# Removing "Rebel T3i" decal on my canon camera



## mictography (Sep 28, 2011)

I know some people will think its stupid but for some reason it bothered me. It's just glued on and pops right off. I've seen someone ask about it on a site in the past so I thought I would post my mod, haha.


----------



## Mt Spokane Photography (Sep 28, 2011)

Pro's often put black tape over the logo if they don't want to advertise the camera they are using.


----------



## dr croubie (Sep 28, 2011)

But then, Pro cameras aren't just a decal, my 7D looks nicely etched onto the chassis.

you could always just put some black tape on your camera to make it look like a pro, but then that only really works on the 1D/s lines, anyone should be able to tell a 5D2 vs 7D vs 60D...


----------



## mictography (Sep 28, 2011)

Yea, it's just painted on I guess. I sanded the paint off and shot it with some spray paint.


----------



## Jedifarce (Sep 28, 2011)

Mt Spokane Photography said:


> Pro's often put black tape over the logo if they don't want to advertise the camera they are using.



If somebody can't tell the difference between a camera worth hundreds or thousands, why's it matter?


----------



## Gothmoth (Sep 28, 2011)

donÂ´t be ashamed... itÂ´s a nice camera. 



dr croubie said:


> Pro cameras aren't just a decal, my 7D



i would call your 7D a prosumer camera... not a pro camera.


----------



## Maui5150 (Sep 28, 2011)

Sounds more like ego than anything else. Everyone starts somewhere and like my motorcycle racing days, sometimes the best riders are not on the best bikes. By that same degree, with how advanced and powerful technology has become, very few get the full potential out of their equipment. While I covet a better camera than my T2i, I still have a ton to learn. Maybe it is just me, but I would rather have better glass and a cheaper body, than a great body with junk glass. I think the "badge" on the T2i/T3i has more to do with the body material than anything else.


----------



## Kamera Obscura (Sep 28, 2011)

Why did it bother you?

Thanks,
dario.


----------



## UncleFester (Sep 28, 2011)

Wow, man!! Is that the new T4i??






;D


----------



## UncleFester (Sep 28, 2011)

BTW, I couldn't tell you what the front of my cameras look like.


----------



## mictography (Sep 28, 2011)

I shouldn't say it bothered me. I actually seem to do it with a lot of my toys. Like when I bought my specialized bike the first thing I did was get it powder coated to get all the decals and crap off it. Maybe I do it because I don't want to be judged. Now someone like UncleFester might be on the other end of the spectrum like putting STi decals on a Subaru WRX or something.


----------



## Mt Spokane Photography (Sep 28, 2011)

Some pros may have contractual issues with brands, being seen shooting a Sony commercial with a Canon camera might bother Sony executives, so its best to black it out. Cameras shown in movies and TV may be blacked out if the manufacturer doesn't pay for the advertising. (usually, they do)


----------



## UncleFester (Sep 28, 2011)

mictography said:


> I shouldn't say it bothered me. I actually seem to do it with a lot of my toys. Like when I bought my specialized bike the first thing I did was get it powder coated to get all the decals and crap off it. Maybe I do it because I don't want to be judged. Now someone like UncleFester might be on the other end of the spectrum like putting STi decals on a Subaru WRX or something.

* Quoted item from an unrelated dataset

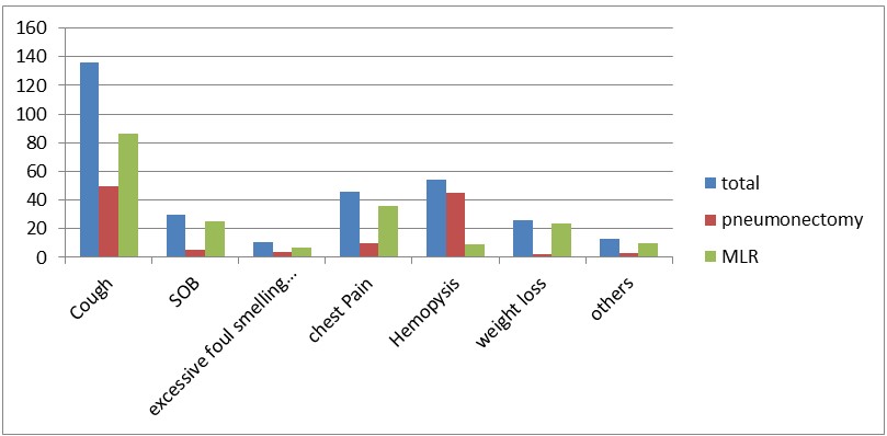 About 80.4% (45) of the pneumonectomy and 92.7% (115) of the MLR groups admitted on elective bases while 19.6% (11) of the case and 7.3% (9) of the control groups with p value of 0.01, are admitted on emergency but operated on elective bases after the patient stabilized. In 67.9% (38) of the pneumonectomy and 71.8% (89) of the MLR group the duration of the symptom is 6weeks and less whereas 32.1% (18) of the pneumonectomy and 28.2 %( 35) of the MLR group the duration of presenting symptoms is above 6 weeks. Also, 92.9% (52) of the pneumonectomy and 96.8% (120) of the MLR group has no history of smoking whereas 7.1% (4) of the pneumonectomy and 3.2% (4) 0f the MLR has history of cigarette smoking.

Now *That* sounds like something I might give a shot. However, my choices are limited to popping the logos off my Volvo and putting them on the GMC. *Or*, I could take the mirrors off the GMC and stick them on my Triumph. Hmmmmm.....

Btw. I've no problem being judged for what I have. I earned it fair and square. 

*edit for correct tense.


----------



## Jedifarce (Sep 29, 2011)

Maui5150 said:


> While I covet a better camera than my T2i, I still have a ton to learn. Maybe it is just me, but I would rather have better glass and a cheaper body, than a great body with junk glass.

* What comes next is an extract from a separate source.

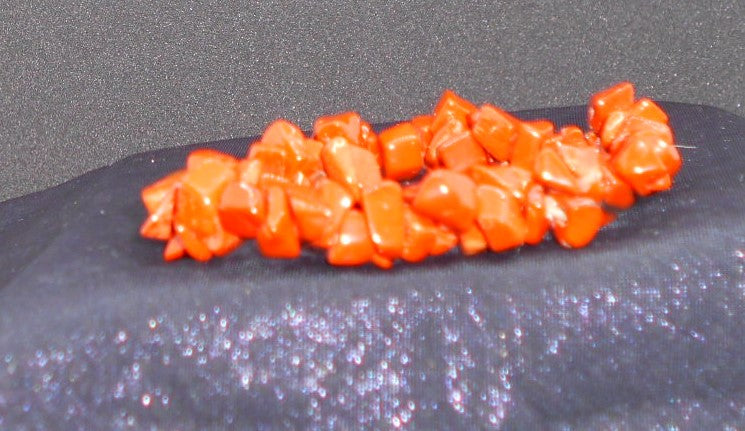 Gorgeous Crystal Chip Carnelian bracelet small-med chips sized crystals. Carnelian lends the courage needed to help overcome difficulties and defend a cause. It promotes idealism, a sense of community, and pragmatism. Carnelian is said to attract prosperity, new resources, and good luck. It is a talisman for success in any money-making venture. Carnelian is a crystal of action. It encourages one to stop waiting for dreams to appear and stimulates the courage to embrace change.

It depends on how much one can afford to pay for the equipment. While glass does make a world of difference in image quailty, the term 'junk glass' doesn't necessarily equate with cheap. You can purchase 20-year-old Nikkor AI or AI-s primes that are inexpensive but hold their own against Canon L lens and the Canon's only real advantage may be the lower f/stop and you'll pay through the nose for those. I do all my photography with these Nikkor primes and video with a Canon L zoom lens. 

This is why I simply do not understand the whole childish Nikon vs Canon rivalry. If you can purchase a Nikon prime lens that is superior to a Canon one for the same price range and you're a Canon user, who cares. My good friend who's a professional photographer uses a Nikon D3s always helps me out whever I need technical advice on using my Canon and photography tips. 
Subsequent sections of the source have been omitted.